The most useful functionality provided by the Oracle Database Continuous Query Notification is an ability to raise database events when rows in a table were modified. It enables client applications to register queries with the database and receive notifications in response to DML or DDL changes on the objects associated with the queries. To detect modifications, EclipseLink DCN uses Oracle ROWID to intercept changes in the table.

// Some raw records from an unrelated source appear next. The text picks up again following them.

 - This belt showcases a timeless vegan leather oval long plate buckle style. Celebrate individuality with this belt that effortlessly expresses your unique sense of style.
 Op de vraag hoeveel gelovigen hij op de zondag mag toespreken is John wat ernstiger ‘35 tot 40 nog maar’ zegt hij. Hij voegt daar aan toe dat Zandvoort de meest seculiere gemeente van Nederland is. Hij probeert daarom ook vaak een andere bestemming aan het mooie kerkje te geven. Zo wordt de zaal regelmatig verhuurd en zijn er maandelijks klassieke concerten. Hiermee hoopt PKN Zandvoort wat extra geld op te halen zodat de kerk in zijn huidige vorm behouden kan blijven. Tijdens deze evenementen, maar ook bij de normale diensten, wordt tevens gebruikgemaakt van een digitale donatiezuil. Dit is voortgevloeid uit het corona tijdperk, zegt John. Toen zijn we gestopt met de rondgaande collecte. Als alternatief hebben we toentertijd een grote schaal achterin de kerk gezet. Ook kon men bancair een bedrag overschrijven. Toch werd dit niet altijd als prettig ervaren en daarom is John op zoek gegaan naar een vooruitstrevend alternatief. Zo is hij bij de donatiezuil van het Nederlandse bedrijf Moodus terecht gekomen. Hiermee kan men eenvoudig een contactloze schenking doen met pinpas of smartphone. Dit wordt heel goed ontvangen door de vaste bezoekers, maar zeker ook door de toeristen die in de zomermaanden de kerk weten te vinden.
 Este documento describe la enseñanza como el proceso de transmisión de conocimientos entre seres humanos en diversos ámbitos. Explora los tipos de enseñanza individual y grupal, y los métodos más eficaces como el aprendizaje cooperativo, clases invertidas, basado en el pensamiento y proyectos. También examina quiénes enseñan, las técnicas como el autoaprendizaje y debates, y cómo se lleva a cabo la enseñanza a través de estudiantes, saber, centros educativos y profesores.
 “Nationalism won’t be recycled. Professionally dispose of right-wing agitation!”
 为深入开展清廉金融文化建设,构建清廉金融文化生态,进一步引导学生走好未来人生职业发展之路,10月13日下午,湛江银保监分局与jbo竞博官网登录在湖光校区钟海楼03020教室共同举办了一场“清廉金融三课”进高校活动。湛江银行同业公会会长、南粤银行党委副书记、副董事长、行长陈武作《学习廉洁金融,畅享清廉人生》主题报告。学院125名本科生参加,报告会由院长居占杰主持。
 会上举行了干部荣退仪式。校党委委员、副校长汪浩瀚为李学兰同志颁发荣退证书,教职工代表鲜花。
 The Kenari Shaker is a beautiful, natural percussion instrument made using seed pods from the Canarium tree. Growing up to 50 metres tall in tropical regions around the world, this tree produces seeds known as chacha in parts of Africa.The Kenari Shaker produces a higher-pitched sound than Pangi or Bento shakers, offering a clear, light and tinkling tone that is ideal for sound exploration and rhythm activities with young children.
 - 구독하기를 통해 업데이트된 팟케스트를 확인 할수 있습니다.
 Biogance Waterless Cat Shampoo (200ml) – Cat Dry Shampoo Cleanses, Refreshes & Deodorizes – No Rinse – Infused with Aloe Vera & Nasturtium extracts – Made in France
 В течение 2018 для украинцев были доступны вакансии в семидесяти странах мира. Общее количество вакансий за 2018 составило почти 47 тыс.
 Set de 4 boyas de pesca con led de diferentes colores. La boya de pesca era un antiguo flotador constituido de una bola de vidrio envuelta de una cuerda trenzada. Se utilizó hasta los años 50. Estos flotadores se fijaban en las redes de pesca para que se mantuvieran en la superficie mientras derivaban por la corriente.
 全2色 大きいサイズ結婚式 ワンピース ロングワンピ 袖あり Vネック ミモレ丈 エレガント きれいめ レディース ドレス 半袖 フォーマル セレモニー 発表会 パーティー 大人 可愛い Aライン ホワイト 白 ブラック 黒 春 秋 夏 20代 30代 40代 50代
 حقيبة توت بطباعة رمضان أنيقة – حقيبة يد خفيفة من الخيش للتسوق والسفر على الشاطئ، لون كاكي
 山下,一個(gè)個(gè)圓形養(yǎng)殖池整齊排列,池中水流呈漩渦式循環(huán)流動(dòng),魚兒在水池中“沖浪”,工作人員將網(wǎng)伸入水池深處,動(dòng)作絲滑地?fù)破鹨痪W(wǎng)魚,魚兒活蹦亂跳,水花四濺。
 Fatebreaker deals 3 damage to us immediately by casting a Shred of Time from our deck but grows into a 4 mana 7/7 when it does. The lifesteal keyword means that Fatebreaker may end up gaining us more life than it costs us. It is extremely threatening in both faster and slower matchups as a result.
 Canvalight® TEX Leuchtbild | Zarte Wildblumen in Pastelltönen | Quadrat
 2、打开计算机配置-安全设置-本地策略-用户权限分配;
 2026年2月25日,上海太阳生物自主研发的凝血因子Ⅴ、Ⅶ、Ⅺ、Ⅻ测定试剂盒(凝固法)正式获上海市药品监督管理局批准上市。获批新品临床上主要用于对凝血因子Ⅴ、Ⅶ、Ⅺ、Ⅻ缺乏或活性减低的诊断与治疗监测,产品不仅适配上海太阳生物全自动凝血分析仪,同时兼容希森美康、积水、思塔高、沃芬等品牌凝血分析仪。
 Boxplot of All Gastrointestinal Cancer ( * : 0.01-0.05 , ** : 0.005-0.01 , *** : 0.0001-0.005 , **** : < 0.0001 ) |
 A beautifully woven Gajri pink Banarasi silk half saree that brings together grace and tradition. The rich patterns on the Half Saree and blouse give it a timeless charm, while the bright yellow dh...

ROWID is included to all queries for a DCN-enabled class. EclipseLink also retrieves ROWID of saved entity after an insert operation, and maintains a cache index on that ROWID. It also selects the database transaction ID once for each transaction to avoid invalidating the cache during the processing of transaction.

When a database sends a notification it usually contains the followoing information:

  • Names of the modifying objects, for example a name of changed table
  • Type of change. The possible values are INSERT, UPDATE, DELETE, ALTER TABLE, or DROP TABLE
  • Oracle’s ROWID of changed record

Running Oracle database locally

Before starting working on our sample application we need to have Oracle database installed. Fortunately, there are some Docker images with Oracle Standard Edition 12c. The command visible below starts Oracle XE version and exposes it on default 1521 port. It is also possible to use web console available under port 9080.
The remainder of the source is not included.